● **Goal of the exercise**
Starting with the line that has "アマルフィ大聖堂やピサ大聖堂" in the records below and stopping after the line that has "SOFFIATORE A ZAINO", output every line exactly and nothing else; skip pictures.

● **Material provided**
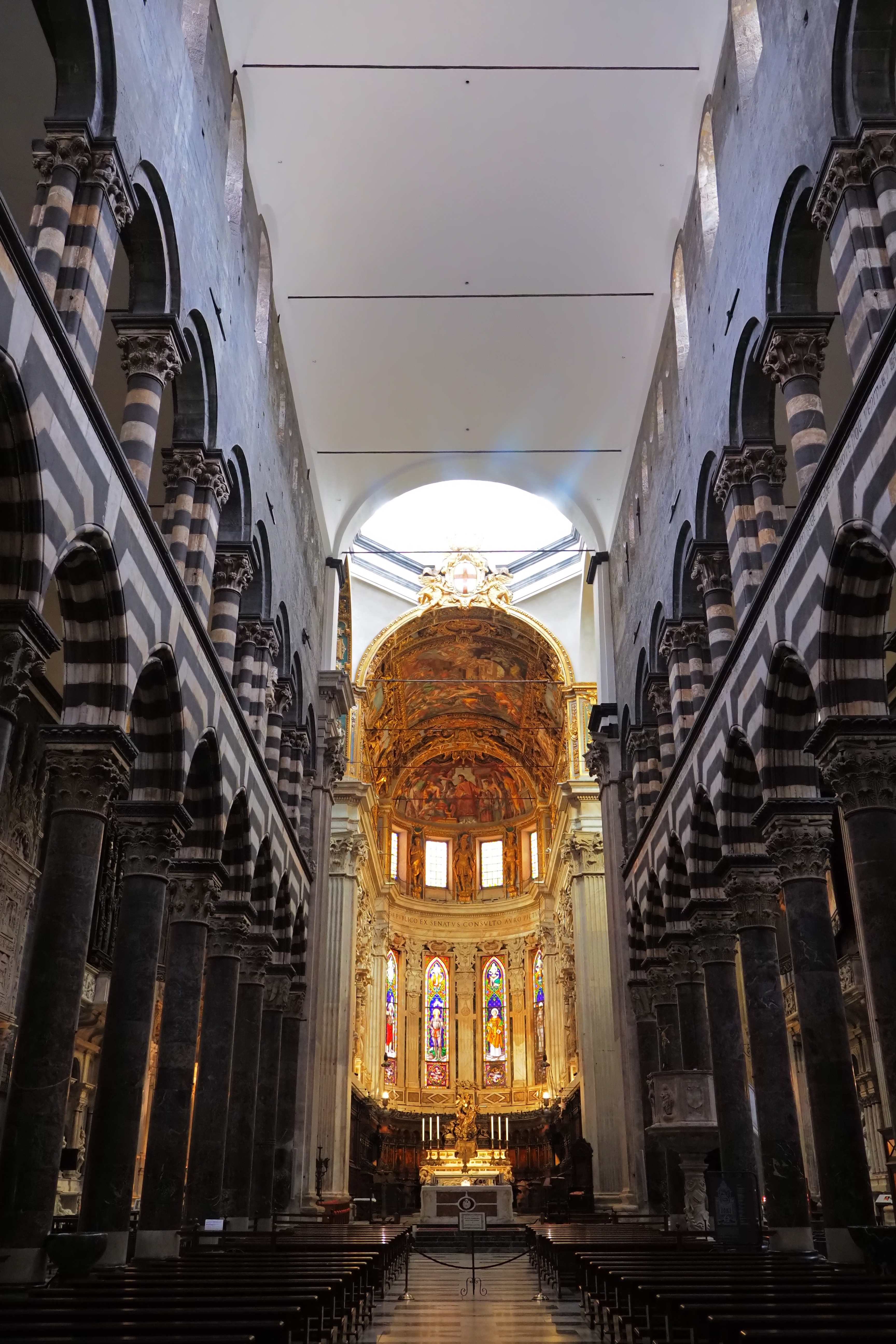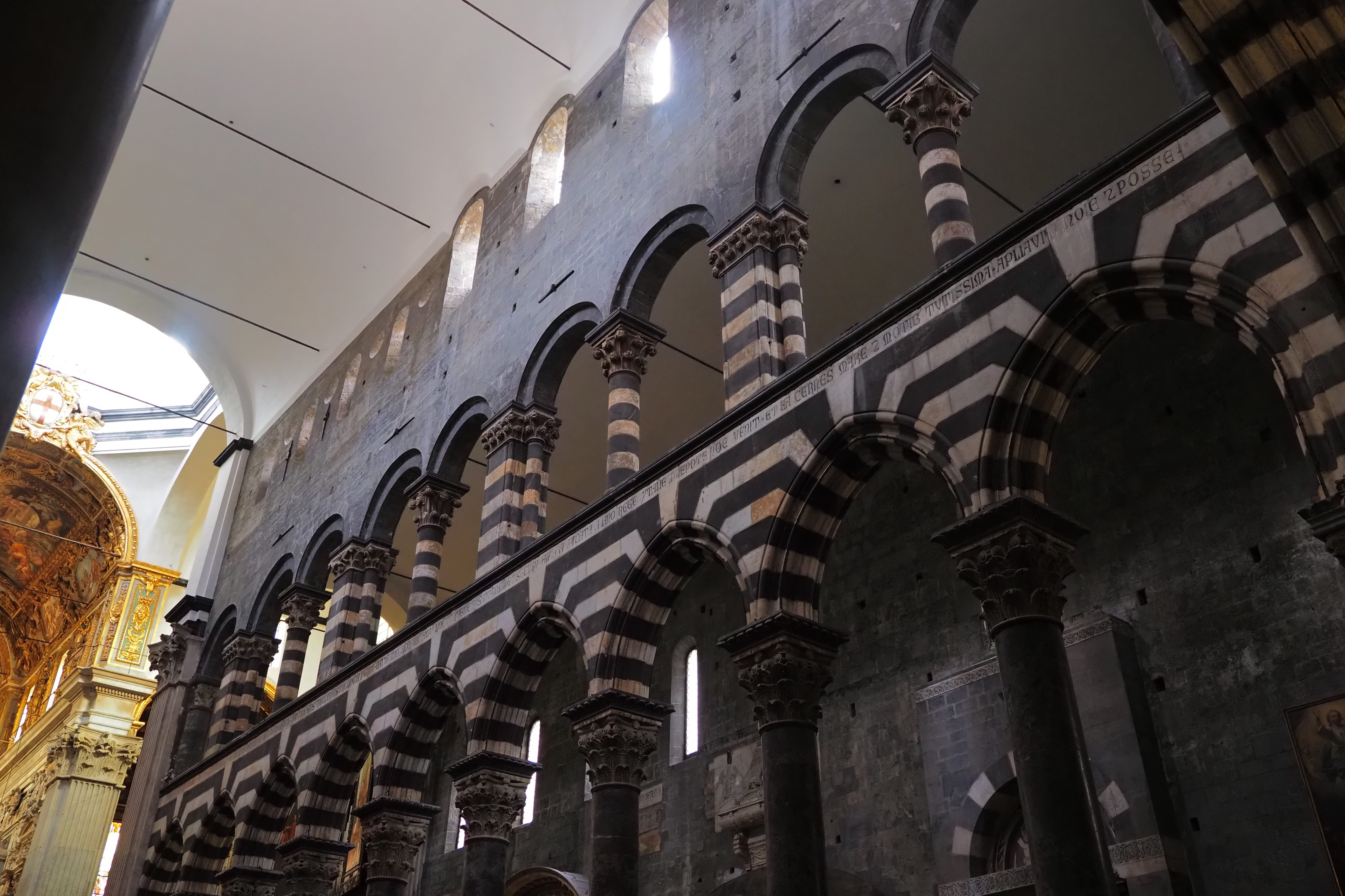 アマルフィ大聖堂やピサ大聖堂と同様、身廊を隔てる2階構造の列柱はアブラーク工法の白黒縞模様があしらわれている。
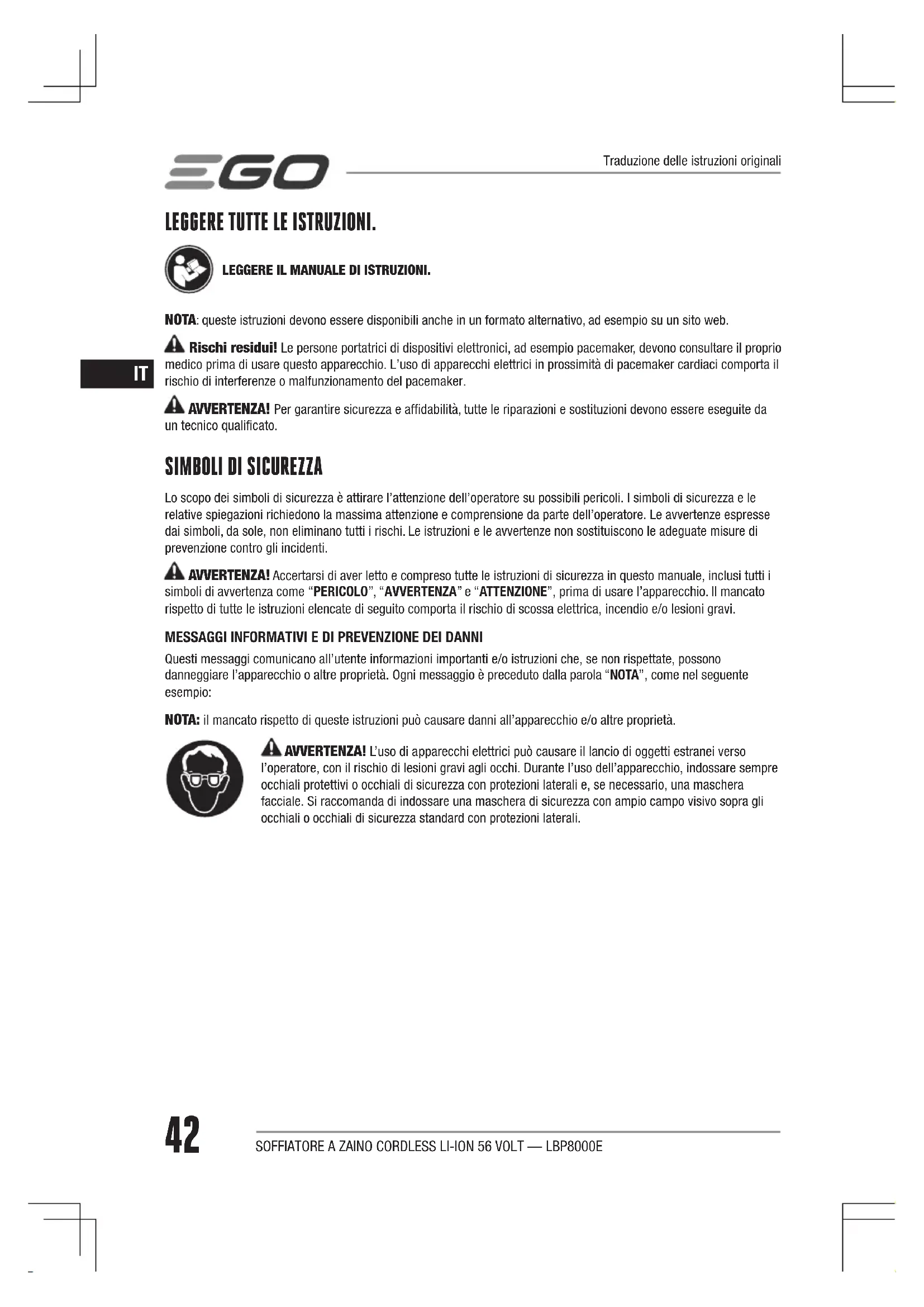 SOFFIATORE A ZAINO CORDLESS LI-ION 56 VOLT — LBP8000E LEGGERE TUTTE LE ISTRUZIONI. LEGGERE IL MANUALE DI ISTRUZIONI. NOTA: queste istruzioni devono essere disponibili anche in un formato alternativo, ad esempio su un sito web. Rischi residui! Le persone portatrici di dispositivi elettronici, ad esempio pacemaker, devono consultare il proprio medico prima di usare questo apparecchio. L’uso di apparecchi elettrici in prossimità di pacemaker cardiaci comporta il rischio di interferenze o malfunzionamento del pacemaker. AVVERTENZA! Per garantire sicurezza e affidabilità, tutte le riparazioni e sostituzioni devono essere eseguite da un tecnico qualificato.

---

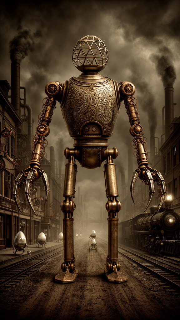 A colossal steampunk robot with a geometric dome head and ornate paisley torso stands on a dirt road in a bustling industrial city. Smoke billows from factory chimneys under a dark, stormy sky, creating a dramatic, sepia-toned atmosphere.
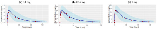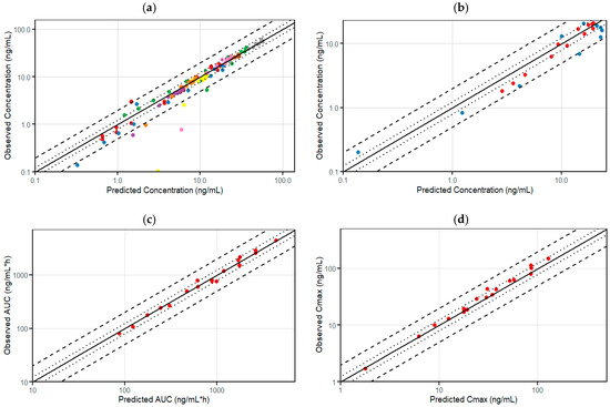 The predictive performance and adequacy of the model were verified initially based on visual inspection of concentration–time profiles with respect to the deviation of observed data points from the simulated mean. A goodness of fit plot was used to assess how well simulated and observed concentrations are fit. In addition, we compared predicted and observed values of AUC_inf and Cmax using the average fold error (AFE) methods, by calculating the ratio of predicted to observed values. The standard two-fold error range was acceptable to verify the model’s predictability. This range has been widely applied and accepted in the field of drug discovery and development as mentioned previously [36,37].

* * *

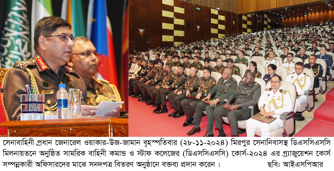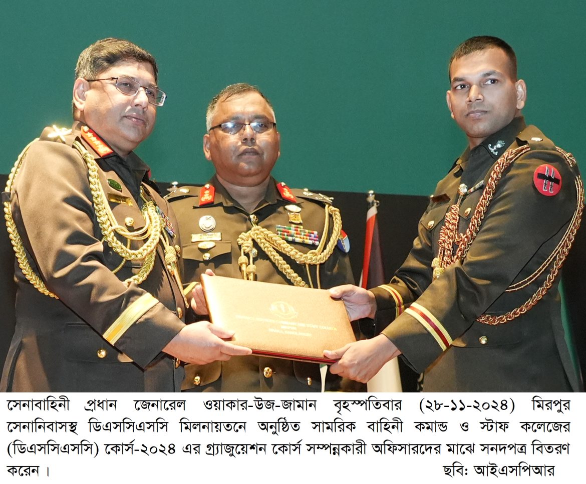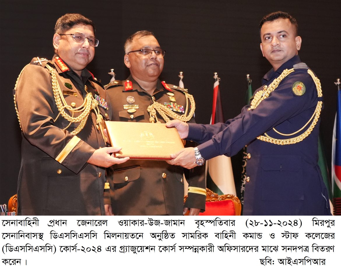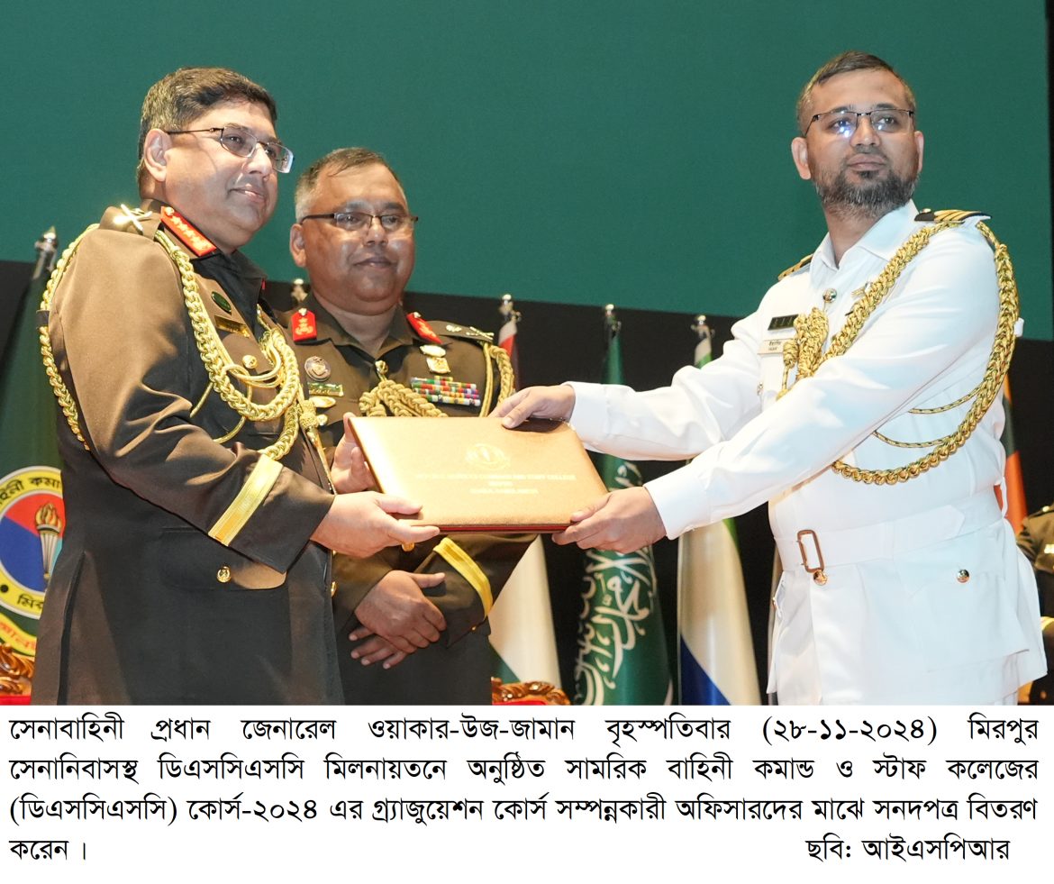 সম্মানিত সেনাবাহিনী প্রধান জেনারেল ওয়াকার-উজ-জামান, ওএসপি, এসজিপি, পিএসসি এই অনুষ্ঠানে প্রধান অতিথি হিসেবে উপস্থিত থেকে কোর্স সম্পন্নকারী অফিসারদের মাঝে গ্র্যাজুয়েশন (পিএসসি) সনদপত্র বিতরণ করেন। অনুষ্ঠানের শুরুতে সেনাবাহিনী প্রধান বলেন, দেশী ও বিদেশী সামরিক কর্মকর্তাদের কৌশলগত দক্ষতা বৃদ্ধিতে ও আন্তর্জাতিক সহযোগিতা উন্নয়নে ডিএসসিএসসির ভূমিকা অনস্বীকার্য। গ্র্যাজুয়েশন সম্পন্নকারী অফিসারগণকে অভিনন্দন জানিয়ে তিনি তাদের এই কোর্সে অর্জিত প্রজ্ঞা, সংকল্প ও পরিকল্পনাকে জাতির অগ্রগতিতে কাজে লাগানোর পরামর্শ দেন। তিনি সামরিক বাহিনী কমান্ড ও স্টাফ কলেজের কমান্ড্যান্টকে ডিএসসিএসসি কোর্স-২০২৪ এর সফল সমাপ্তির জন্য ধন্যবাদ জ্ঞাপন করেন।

● **Reply to the exercise**
 アマルフィ大聖堂やピサ大聖堂と同様、身廊を隔てる2階構造の列柱はアブラーク工法の白黒縞模様があしらわれている。
 SOFFIATORE A ZAINO CORDLESS LI-ION 56 VOLT — LBP8000E LEGGERE TUTTE LE ISTRUZIONI. LEGGERE IL MANUALE DI ISTRUZIONI. NOTA: queste istruzioni devono essere disponibili anche in un formato alternativo, ad esempio su un sito web. Rischi residui! Le persone portatrici di dispositivi elettronici, ad esempio pacemaker, devono consultare il proprio medico prima di usare questo apparecchio. L’uso di apparecchi elettrici in prossimità di pacemaker cardiaci comporta il rischio di interferenze o malfunzionamento del pacemaker. AVVERTENZA! Per garantire sicurezza e affidabilità, tutte le riparazioni e sostituzioni devono essere eseguite da un tecnico qualificato.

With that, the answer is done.